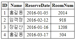 λ€μ μμ λ Reservation ν μ΄λΈμ λͺ¨λ λ μ½λλ₯Ό λ¨Όμ ReserveDate νλμ λ΄λ¦Όμ°¨μμΌλ‘ μ λ ¬ν λ€μ, λλ€μ RoomNum νλμ λ΄λ¦Όμ°¨μμΌλ‘ μ λ ¬νμ¬ μ ννλ μμ μ λλ€.
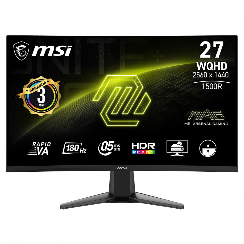 "MSI MAG 27CQ6F. Display diagonal: 68.6 cm (27""), Display resolution: 2560 x 1440 pixels, HD type: Quad HD, Display technology: LCD, Response time: 0.5 ms, Native aspect ratio: 16:9, Viewing angle, horizontal: 178°, Viewing angle, vertical: 178°. VESA mounting. Product colour: Black"\n"Visualize your victory with MSI MAG 27CQ6F gaming monitor. Equipped with a 180Hz Refresh rate, 0.5ms (GtG, Min.)response time panel, MAG 27CQ6F will give you the competitive edge you need to take down your opponents. The WQHD (2560x1440) high resolution will let you experience the mesmerizing images. Enjoy extremely smooth, tear-free gameplay with built-in Adaptive-Sync technology when paired with your GPU for ultra-smooth gameplay.
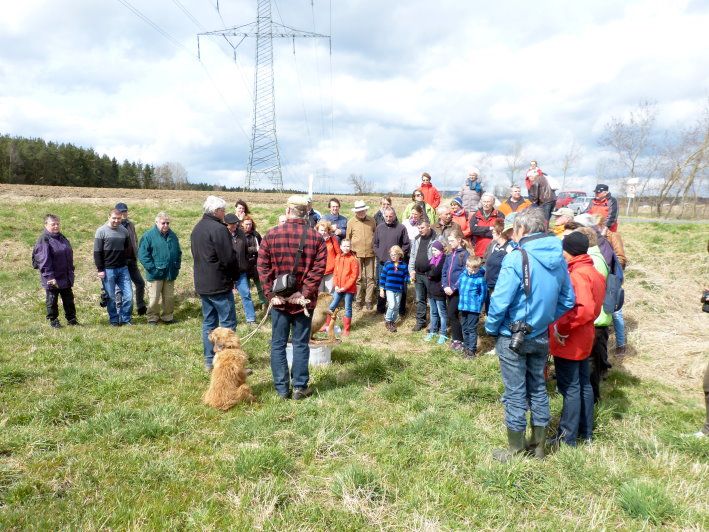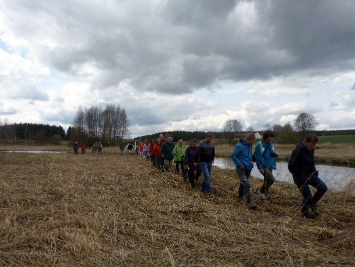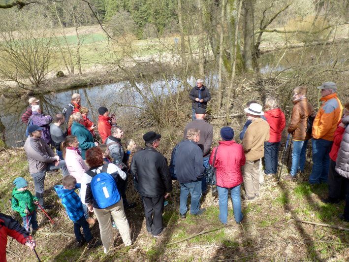 Die Exkursionsgruppe wanderte flussaufwärts durch die wunderschöne, naturnahe Egeraue zu einem zweiten Biberrevier unterhalb von Marktleuthen. Auch hier die gleichen Merkmale: eindeutige Fraßspuren an Weiden in einem kleinen Auwald, Ausstiege und schließlich ein Biberbau, der allerdings bereits verlassen war. Der Biber legt in seinem Revier häufig mehrere Bauten und Fluchtröhren an, aber nur eine Burg wird „winterfest“ gemacht. Der Biber gestaltet wie keine zweite Art seinen Lebensraum und schafft damit gleichzeitig Lebensraum für zahlreiche Tier- und Pflanzenarten in und am Gewässer: für Amphibien, Libellen und Fische, sowie für Schwarzstorch und Eisvogel. Biberreviere dienen auch der Wasserrückhaltung und dem Hochwasserschutz.
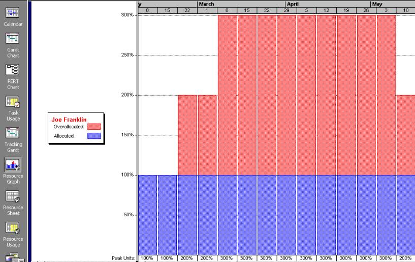 Resource Loading Resource loading se refiere a la cantidad de recursos individuales que un calendario requiere durante un periodo específico de tiempo. Ayuda a los project managers a desarrollar un entendimiento de las demandas de un proyecto, su impacto en la organización y en los calendarios de la misma gente. Overallocation significa que se han asignado más recursos de los disponibles se han asignado para realizar una tarea en un cierto tiempo. Sample Histogram Showing an Overallocated Individual
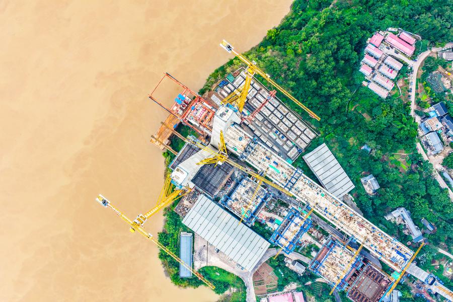 17日、渝万高速鉄道・石沱長江大橋の建設現場。(ドローンから、重慶=新華社記者/唐奕)
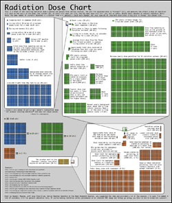 3. Radiation and the USS Ronald Reagan by Peter Lee is just one of many ominous and unsettling stories about damage caused by the release of massive amounts of radiation since the multiple-meltdown at the Fukushima-Daiichi nuclear power plant in 2011. Here's one from the excellent and always terrifying Fukushima Diary: 5 Billion Bq of Strontium-90 flows to the sea every single day. And here's another: 1,000,000 Bq/m3 of Sr-90 detected in seawater of Fukushima plant port / Highest in recorded history and, just to mix things up a bit, here is an excerpt from Randall Monroe's radiation chart, which he posted on XKCD in 2011, showing what various levels of radiation exposure are considered to mean for human health:

──────

Work to be completed:
Print out each record exactly as shown, but keep the pictures out.

Answer space:
 λ€μ μμ λ Reservation ν μ΄λΈμ λͺ¨λ λ μ½λλ₯Ό λ¨Όμ ReserveDate νλμ λ΄λ¦Όμ°¨μμΌλ‘ μ λ ¬ν λ€μ, λλ€μ RoomNum νλμ λ΄λ¦Όμ°¨μμΌλ‘ μ λ ¬νμ¬ μ ννλ μμ μ λλ€.
 "MSI MAG 27CQ6F. Display diagonal: 68.6 cm (27""), Display resolution: 2560 x 1440 pixels, HD type: Quad HD, Display technology: LCD, Response time: 0.5 ms, Native aspect ratio: 16:9, Viewing angle, horizontal: 178°, Viewing angle, vertical: 178°. VESA mounting. Product colour: Black"\n"Visualize your victory with MSI MAG 27CQ6F gaming monitor. Equipped with a 180Hz Refresh rate, 0.5ms (GtG, Min.)response time panel, MAG 27CQ6F will give you the competitive edge you need to take down your opponents. The WQHD (2560x1440) high resolution will let you experience the mesmerizing images. Enjoy extremely smooth, tear-free gameplay with built-in Adaptive-Sync technology when paired with your GPU for ultra-smooth gameplay.
 Die Exkursionsgruppe wanderte flussaufwärts durch die wunderschöne, naturnahe Egeraue zu einem zweiten Biberrevier unterhalb von Marktleuthen. Auch hier die gleichen Merkmale: eindeutige Fraßspuren an Weiden in einem kleinen Auwald, Ausstiege und schließlich ein Biberbau, der allerdings bereits verlassen war. Der Biber legt in seinem Revier häufig mehrere Bauten und Fluchtröhren an, aber nur eine Burg wird „winterfest“ gemacht. Der Biber gestaltet wie keine zweite Art seinen Lebensraum und schafft damit gleichzeitig Lebensraum für zahlreiche Tier- und Pflanzenarten in und am Gewässer: für Amphibien, Libellen und Fische, sowie für Schwarzstorch und Eisvogel. Biberreviere dienen auch der Wasserrückhaltung und dem Hochwasserschutz.
 Resource Loading Resource loading se refiere a la cantidad de recursos individuales que un calendario requiere durante un periodo específico de tiempo. Ayuda a los project managers a desarrollar un entendimiento de las demandas de un proyecto, su impacto en la organización y en los calendarios de la misma gente. Overallocation significa que se han asignado más recursos de los disponibles se han asignado para realizar una tarea en un cierto tiempo. Sample Histogram Showing an Overallocated Individual
 17日、渝万高速鉄道・石沱長江大橋の建設現場。(ドローンから、重慶=新華社記者/唐奕)
 3. Radiation and the USS Ronald Reagan by Peter Lee is just one of many ominous and unsettling stories about damage caused by the release of massive amounts of radiation since the multiple-meltdown at the Fukushima-Daiichi nuclear power plant in 2011. Here's one from the excellent and always terrifying Fukushima Diary: 5 Billion Bq of Strontium-90 flows to the sea every single day. And here's another: 1,000,000 Bq/m3 of Sr-90 detected in seawater of Fukushima plant port / Highest in recorded history and, just to mix things up a bit, here is an excerpt from Randall Monroe's radiation chart, which he posted on XKCD in 2011, showing what various levels of radiation exposure are considered to mean for human health:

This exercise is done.